Con todo y sus altibajos, dos hazañas registra en su haber el presidente en lo que lleva de gobierno, ambas enderezadas a la paz. Primero, la política de restitución de tierras a las víctimas del conflicto, osadía que tiene alebrestada a la Mano Negra. Segundo, su propuesta al mundo de considerar la legalización de las drogas, como alternativa al ruidoso fracaso de la guerra contra ellas. En declaraciones al Observer de Londres que le dieron la vuelta a Europa, el Presidente de Colombia sorprendió con su tácita descalificación de la política antidrogas que el Gobierno de Estados Unidos impuso, aunque sabe que somos nosotros quienes ponemos los muertos. Es menos dañino legalizar que perseguir el tráfico de drogas, argumentó. Pese a la presumible resistencia que le opondrían todos los poderosos que se han lucrado de esta guerra, no le tembló la voz. Cavilosos andarán el gobierno norteamericano; los productores de armas; los mafiosos y sus ejércitos que han colonizado un tercio del Estado colombiano, amén de los políticos que les hacen la segunda; las Farc, que devinieron cartel de la cocaína; los militares colombianos, hechos ya a sueldos y primas y gabelas del astronómico presupuesto de guerra, no pocos enriquecidos con sobornos de narcotraficantes. Y la banca internacional que nutre con los réditos de este mercado negro la cueva de Alí Babá, eufemísticamente llamada paraísos fiscales.

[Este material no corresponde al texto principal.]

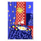 Modern and decorative digital artwork in expressive and bold colours representing a night scene with the Moon seen from a window of an interior with a table covered with blue cloth with botanical pattern, blue curtains with floral pattern, red chequered wall with a sun ornament. A plate with some lemons, grapes and apples scattered on the table, a bottle and a glass of red wine. This genuine artwork by Tanjica is greatly inspired by Henri Matisse and is not a copy of any of his masterpieces.

Si para Estados Unidos la política antidrogas dizque es problema de seguridad nacional, para Colombia es tragedia nacional. Aquí la persecución al narcotráfico, lejos de erradicarlo, valorizó el mercado negro de la droga, nos inundó de sangre y elevó a toda suerte de maleantes al poder en un tercio del Estado. De donde, si prosperara el debate mundial y se produjera un viraje, la legalización sería un proceso responsable –que reordenara prioridades del presupuesto-. Se trataría entonces de invertir más en prevenir, educar y rehabilitar que en gasto policivo y militar. Gasto insultante para un país donde la quinta parte de su gente se acuesta con hambre.

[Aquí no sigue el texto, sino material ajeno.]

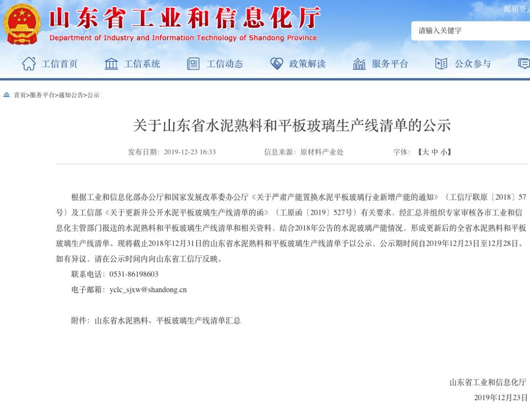 12月23日,山東省工信廳發(fā)布《關(guān)于山東省水泥熟料和平板玻璃生產(chǎn)線清單的公示》,經(jīng)匯總并組織專家審核各市工業(yè)和信息化主管部門報送的水泥熟料和平板玻璃生產(chǎn)線清單和相關(guān)資料,結(jié)合2018年公告的水泥玻璃產(chǎn)能情況,形成更新后的全省水泥熟料和平板玻璃生產(chǎn)線清單。

Por otra parte, afloran en la comunidad mundial síntomas discretos de que podría llegar a intervenirse el emporio financiero de los grandes capos del narcotráfico. Juega en él la gran banca internacional que capta sumas inimaginables del narcotráfico global, las lava y las recicla en inversiones legales, sobre todo en las bolsas de valores. La sola palabra ‘legalización’ le resulta a este sector ‘éticamente’ intolerable: las proporciones del negocio autorizan cualquier impostura. Es que del precio final de la coca al campesino plantero le llega el 1%; los mayoristas se quedan con el 23%, y los distribuidores finales, con el 73%. Sólo 3.5% del valor final retorna a los países productores, mientras los banqueros acaparan la parte del león.

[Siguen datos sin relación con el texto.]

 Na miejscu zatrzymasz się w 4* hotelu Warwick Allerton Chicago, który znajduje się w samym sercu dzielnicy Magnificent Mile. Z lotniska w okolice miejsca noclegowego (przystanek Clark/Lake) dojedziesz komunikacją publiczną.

El dirigente empresarial Nicanor Restrepo le dijo a Semana: como la droga es un negocio ilegal, produce utilidades tan jugosas que permiten armar ejércitos y corromper políticos, empresas, aduanas, bancos, todos los instrumentos necesarios para mantener a flote una economía clandestina. De la descomposición social, de la estela de muertos que va dejando a su paso, ni hablar. Pero está probado que la represión del narcotráfico no desmonta el negocio ni conjura la violencia que conlleva. En buena hora tuvo Santos la valentía de abrir el debate sobre la legalización de la droga. Mas, para ganar aquí la partida, tendrá que convocar el apoyo de los colombianos. Sólo así podrá enfrentar la oposición de quienes han cosechado blasones y riquezas a costa de esta guerra absurda. De Álvaro Uribe que, cabeza de la derecha más reaccionaria, se apresuró a descalificar todo conato de legalización. Como cuestionó la ley de víctimas. Acaso porque restitución de tierras y legalización de la droga ayudarían a la paz.